- Church: Episcopal Church
- Diocese: Connecticut
- In office: 1928–1934
- Predecessor: Chauncey B. Brewster
- Successor: Frederick G. Budlong
- Previous posts: Suffragan Bishop of Connecticut (1915-1926) Coadjutor Bishop of Connecticut (1926-1928)

Orders
- Ordination: July 14, 1889 by Arthur Sweatman
- Consecration: November 4, 1915 by Chauncey B. Brewster

Personal details
- Born: April 7, 1858 Woolwich, Kent, England
- Died: January 28, 1934 (aged 75) Middletown, Connecticut, United States
- Buried: Pine Grove Cemetery, Middletown
- Denomination: Anglican
- Parents: Alexander Acheson & Mary Campion
- Spouse: Eleanor G. Gooderham
- Children: 3

= Edward Campion Acheson =

English bishop

Edward Campion Acheson (April 7, 1858 – January 28, 1934) was sixth bishop of the Episcopal Diocese of Connecticut, serving as suffragan from 1915 to 1926; and coadjutor from 1926 to 1928. He was diocesan bishop from 1928 to 1934. Bishop Acheson became a naturalized citizen of the United States in 1894.

Acheson was a member of St. John's Lodge, Free and Accepted Masons, of Middletown, and served as Chaplain of the Grand Lodge of Connecticut. He was also a trustee of the Berkeley Divinity School and the Ridgefield School of Ridgefield, Connecticut.
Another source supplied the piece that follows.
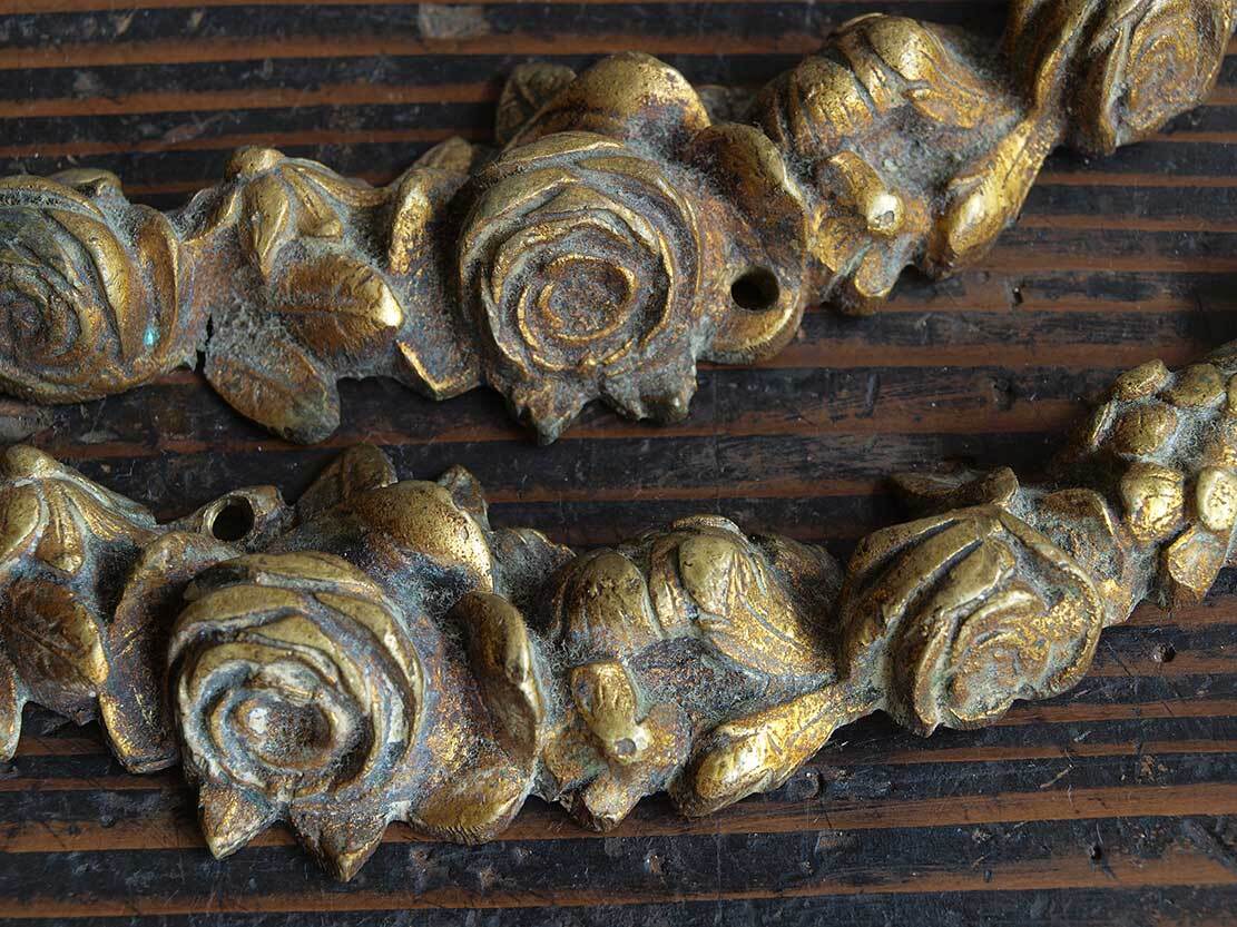 属家具部品 ブロンズ 2個 ガーランド プレート 22cm×11cmサルベージ フランス オーナメント デコレーション アンティーク /J721

==Early life and education==
Acheson was born on April 7, 1858, in Woolwich, Kent in England, the son of Alexander Acheson and Mary Campion. He moved to Canada in 1881 settling in Toronto where he served with The Queen's Own Rifles of Canada and served in the North-West Rebellion in 1885. He studied for the priesthood at Wycliffe College and graduated in 1889, after which he moved to the United States. He also received a Master of Arts from New York University in 1892 and earned a Doctor of Sacred Theology from Trinity College in 1916. He was also granted a Doctor of Divinity from Wesleyan University and Berkeley Divinity School in 1916 and from Wycliffe College in 1917, respectively.

==Ordination==
Acheson was ordained deacon on June 10, 1888, and priest on July 14, 1889, in the Anglican Church of Canada. He served his diaconate as curate at All Saints Church in Toronto. After ordination to the priesthood and after settling in the United States, he became assistant minister at St. George's Church in New York City. In 1892 he became rector of Holy Trinity Church in Middletown, Connecticut.

==Bishop==
In 1915, Acheson was elected Suffragan Bishop of Connecticut. He was consecrated on November 4, 1915, by the Bishop of Connecticut Chauncey B. Brewster in the Church of the Holy Trinity in Middletown, Connecticut. In 1926, he was elected Coadjutor Bishop of Connecticut and succeeded as diocesan bishop on November 16, 1928.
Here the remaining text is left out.